In February 2013, the film was released on VOD and DVD in the United States on May 7, 2013. Jake Rossen of The New York Times described the film's United States release as "a muted debut". The United States release was delayed because the American distributor, Viva Pictures, wanted to release it when Walmart could arrange for a satisfactory product display for the film. According to company president Victor Elizalde, Viva Pictures' modest investment of an unspecified sum had proved profitable.

==Reception==
Upon the film's initial announcement in 2001, it was denounced for heavy product placement in a film targeted at children. Kasanoff responded to the controversy by stating that they were not paid monetarily for the brand inclusion, and therefore the addition of known brands did not constitute product placement; however, the brands were expected to provide $100 million worth of cross-promotion.

Since its release, Foodfight! has been panned by critics and audiences alike, and is considered one of the worst films ever made: Mental Floss included it in a list of "10 Really Bad Movies that Define 'Bad Movies'" in 2012 and it appeared in lists of the worst movies ever made on Digital Trends in 2017, MSN in 2018, Fotogramas in 2020 and Time Out in 2022. It has also been referred to as one of the worst animated films ever made by Indiewire in 2015, Comic Book Resources in 2021, and twice by Screen Rant, in 2017 and 2020. In 2017, Rebecca Hawkes of The Daily Telegraph described Foodfight! as "the worst animated children's film ever made". In 2024, Collider not only named it the worst fantasy movie of the 2010s, but the "absolute worst [movie] of the 21st century, without any real competition."

A 2012 review by Kate Valentine of Hollywood News called it "by far the crappiest piece of crap I have ever had the misfortune to watch", and a 2013 article from The New York Times was similarly scathing, saying, "The animation appears unfinished [...] And the plot [...] is impenetrable and even offensive." The New York Times article also reported that Foodfight! has been "seized upon by Internet purveyors of bad cinema".

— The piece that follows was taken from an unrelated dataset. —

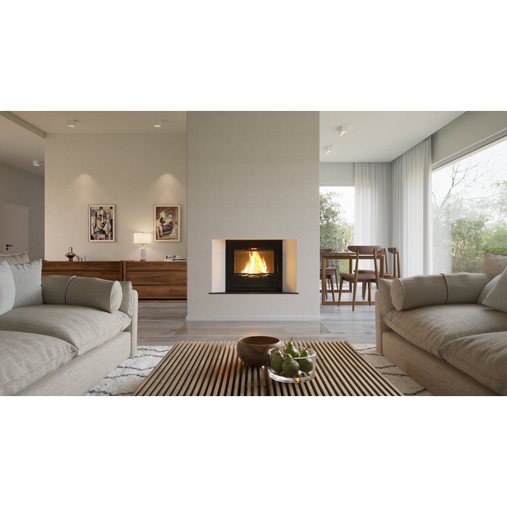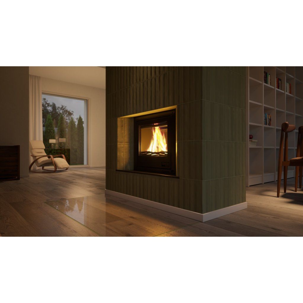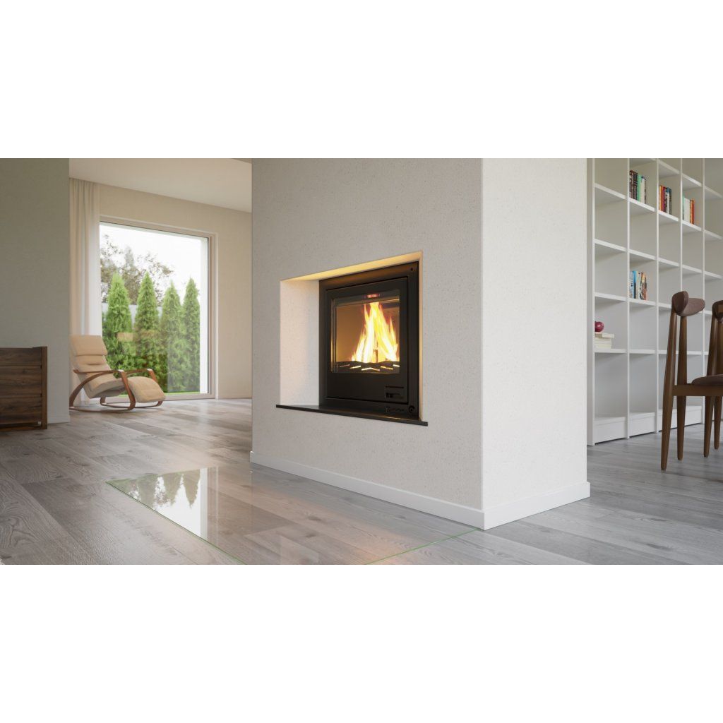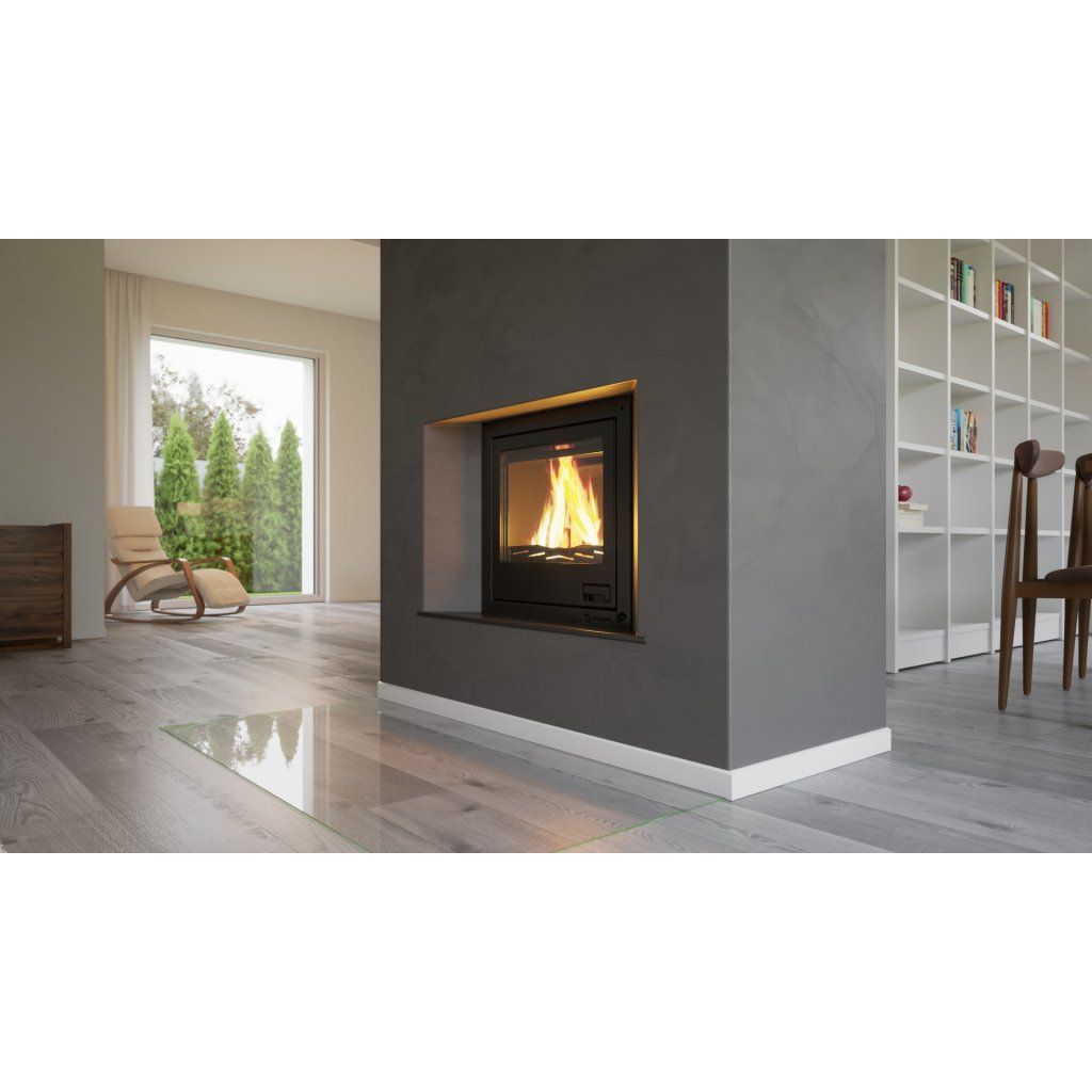 Vlastnosti: Dvojitý oplach skla, 3 bezpečnostní prvky, základní regulace hoření, demontovatelný rám, přípojky vody na obou stranách, klapka komínového tahu, zvukový hlásič přetopení.

Describing the film as "one of those fall-of-civilization moments", Nathan Rabin of The A.V. Club wrote in 2013 that: "the grotesque ugliness of the animation alone would be a deal-breaker even if the film weren't also glaringly inappropriate in its sexuality, nightmare-inducing in its animation, and filled with Nazi overtones and iconography even more egregiously unfit for children than the script's wall-to-wall gauntlet of crude double entendres and weird intimations of inter-species sex". Rabin revisited Foodfight! in a 2019 article, stating that it "was the kind of bad movie I live for. This is the kind of movie so unbelievably, surreally and exquisitely terrible that you want to share it with the rest of the world. I was put on earth to suffer through abominations like Foodfight! so that society as a whole might benefit from my Christ-like sacrifice." In 2020, Esquires Tom Nicholson wrote that the film was "The Room, rendered in horribly sharp polygons" and that it was "easily the most horrifically ugly, confusing and unsettling animated film ever made."

In 2024, a YouTube documentary covering details in the production (with interviews and footage of early animation) called Rotten: Behind the Foodfight was released.

==Related media==

=== Merchandise ===
Associated Foodfight! merchandise was produced and was sold in stores and online, with a fair amount being released several years prior to the film, including plush toys and a Deluxe Sound Storybook.

=== Cancelled video game ===
A tie-in video game based on the film was being developed at Cat Daddy Games for PlayStation 2, Xbox, Wii and Nintendo DS from 2004 to early 2008, with a playable demo shown at E3 2006. It was intended to be distributed by 2K. The game was cancelled due to development difficulties and the constantly-changing deadlines caused by the film's delays, leading the developers to subsequently shift to other projects. Footage and details of the video game were leaked by one of the developers, Harley Howe, who also explained the game's development in depth on a blog Mimeohead, in July 2024.